For the Final Project, you will assume the role of a classroom teacher applying for a $10,000 Teacher Creativity Fellowship Grant. This award provides financial resources to teachers, which allows the recipient to spend time during the summer months developing an instructional experience that will be implemented and evaluated during the upcoming fall semester. These instructional experiences could include large projects, field trips, or simply improved daily or weekly lessons. This year’s grant recipients are awarded funding on the condition they develop instructional experiences and programs to support the learning of 21st century skills, specifically, creative and innovative skills.
A good example of this type of award competition in the real world is the Teacher Creativity Fellowship. Spend some time reviewing the information provided at this site to get a better understanding of a teacher grant request for proposal (RFP).
To further structure and define your Final Project, imagine you teach in a culturally diverse school, and you recognize a need to develop more culturally relevant instructional experiences that promote creative and innovative thinking. After carefully examining the information in the request for proposal for the grant described above, you realize the funding awards are based on the clarity and details of a form submitted for evaluation. After careful deliberation, you decide to apply for the grant to finance your time and help you obtain the resources needed to develop the proposed instructional experiences. Keep in mind that a primary component of your plan requires consideration of the culture and specific needs of each child enrolled in your class (or one of your classes) for the upcoming semester.
Writing the Final Project
Create your Final Project to meet the content and written communication expectations below. The content expectations include the seven parts of the request for proposal. If you have questions about the expectations for this assignment, use the Ask Your Instructor discussion section in the left-navigation pane of your course.
The following seven sections should be used as headings within your paper.
Content Expectations:
- Part I: Audience and Rationale (1 point): Write an overview of the class and target population, including the age range, grade and/or subject area, and other relevant attributes of the culture in which the school is situated.

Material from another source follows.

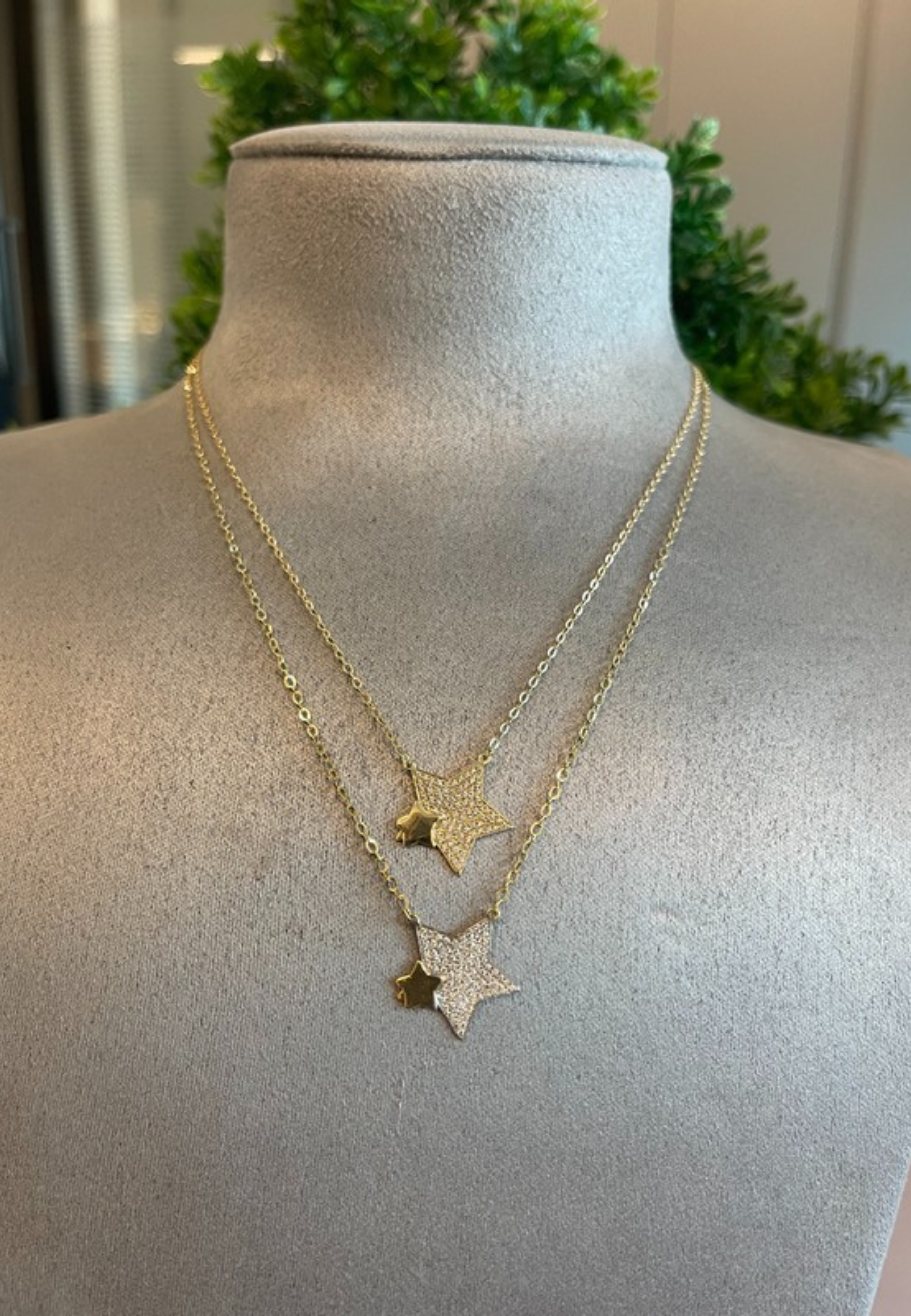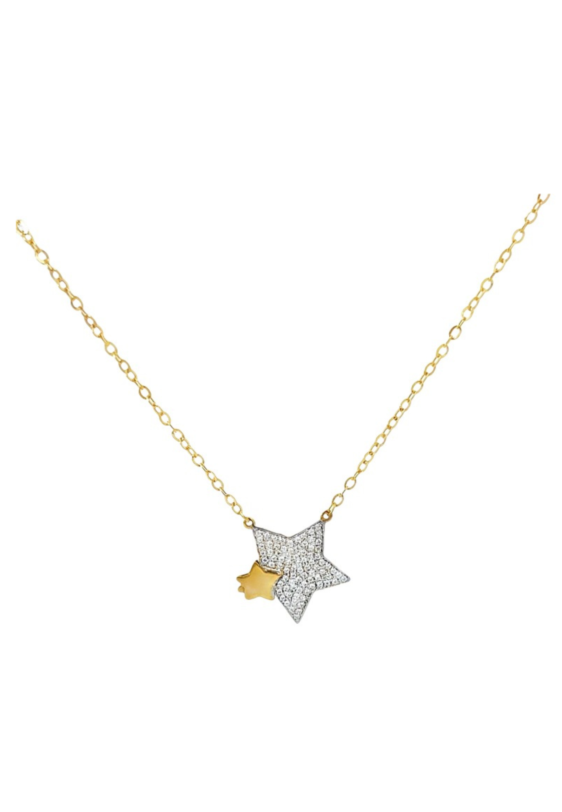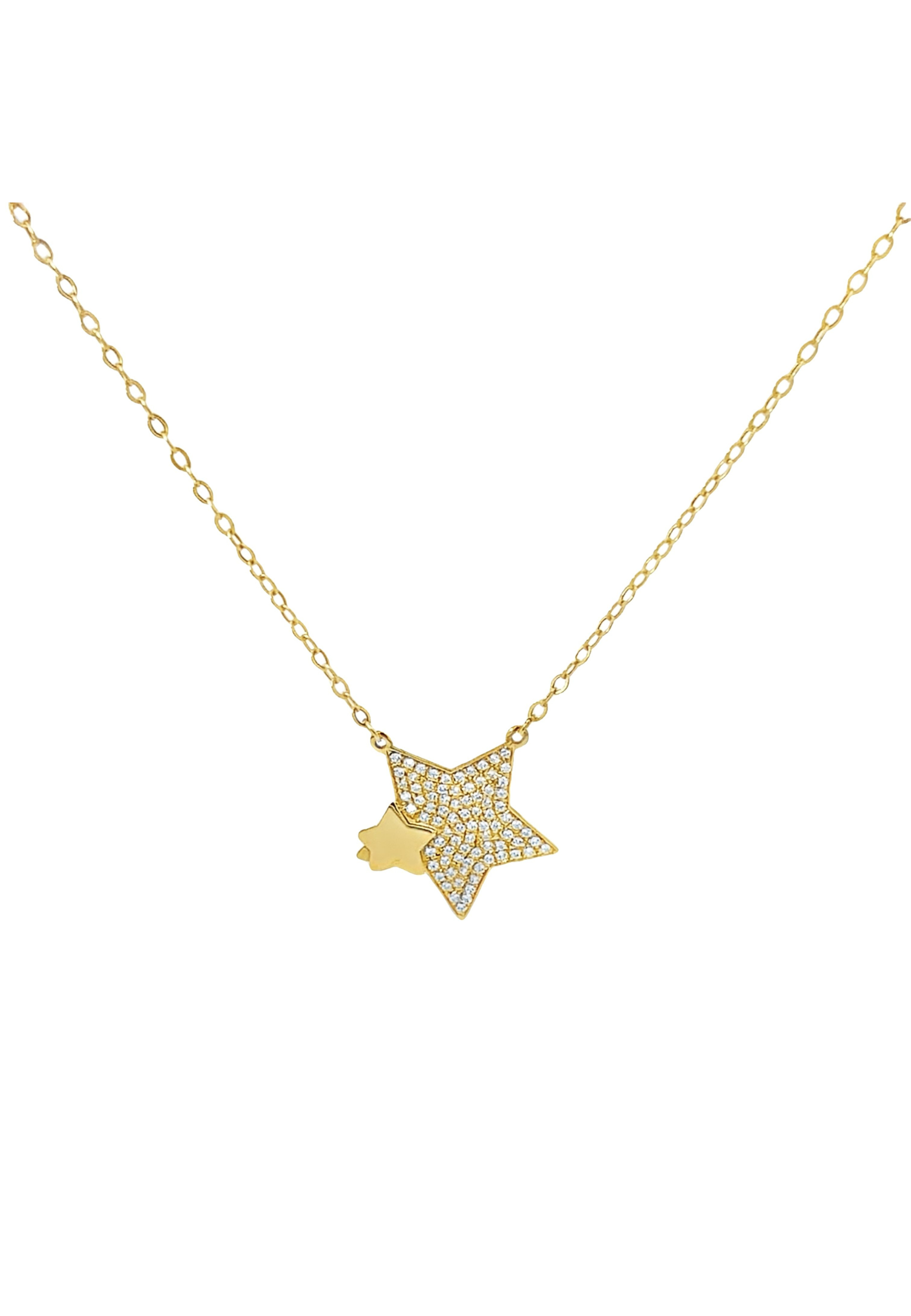 The 18KT Gold Star Necklace with Zircon showcases a stunning star-shaped pendant accented with sparkling zircon stones, crafted from luxurious 18KT Gold. This elegant piece adds a celestial charm to any outfit.

If you are not currently teaching, you may use a prior class, a peer’s class, or invent the demographic information.
- Part II: Outcomes (1 point): List the instructional outcomes (i.e., learning objectives and standards) of the instructional experience including:
- Content Outcomes,
- 21st century skills with an emphasis on creativity and innovation
- Cultural competencies explicitly facilitated within the planned learning experience.
- Part III: Assessment (1 point): Describe how you will measure the degree to which the learners have acquired your targeted outcomes. You do not need to develop the assessments, just describe the format and what they would be in some detail.
- Part IV. Context Description (2 points): Describe the nature of the overall instructional context established by addressing
- Creativity (i.e., learners involved in making or creating something)
- Problem Solving (i.e., overall activity focuses on solving a specific or ill-defined problem)
OR
- A Real/Simulated Experience (i.e., activity consists of performing tasks that are part of a real-world experience or an experience designed to simulate real-world activity)
- Part V: Instructional Plan Summary (2 points): Summarize the planned instructional experiences, providing a justification for the need to employ a culturally relevant framework to help facilitate both creativity and innovation skills and the content-area skills the instructional experience addresses.
- Part VI. Evidence of Culturally Relevant Pedagogy in the Instructional Plan (8 points): Describe the planned learning experiences in detail. Ensure the plan includes at least four of the following nine strategy options:
- Maximizing academic success through relevant instructional experiences
- Addressing cultural competence through reinforcing students’ cultural integrity
- Involving students in the construction of knowledge
- Building on students’ interests and linguistic resources
- Tapping home and community resources
- Understanding students’ cultural knowledge
- Using interactive and constructivist teaching strategies
- Examining the curriculum from multiple perspectives
- Promoting critical consciousness through opportunities to challenge predominant elements of the students’ social norms
- Part VII. Creativity/Innovation Strategies in the Instructional Plan (7.5 points): Ensure the planned instructional experience provides at least four of the following ten strategies for facilitating creativity and innovative thinking:
- Encouraging students to believe in their culture-influenced creative potential
- Nurturing the confidence to try
- Helping learners find their creative strengths
- Promoting experiment and inquiry and a willingness to make mistakes
- Encouraging generative thought, free from immediate criticism
- Encouraging the expression of personal ideas and feelings
- Conveying an understanding of phases in creative work and the need for time
- Developing an awareness of the roles of intuition and aesthetic processes
- Encouraging students to play with ideas and conjecture about possibilities
- Facilitating critical evaluation of ideas
Written Communication Expectations
- Page Requirement (.5 points): Submit eight to ten pages, not including the title and reference pages.
- APA Formatting (.75 points): Format your paper according to APA style as outlined in the Ashford Writing Center.
- Syntax and Mechanics (.5 points): Display meticulous comprehension and organization of syntax and mechanics, such as spelling and grammar.
- Source Requirement (.75 points): Reference three scholarly sources in addition to the course textbooks, providing compelling evidence to support ideas. All sources on the references page need to be used and cited correctly within the body of the assignment.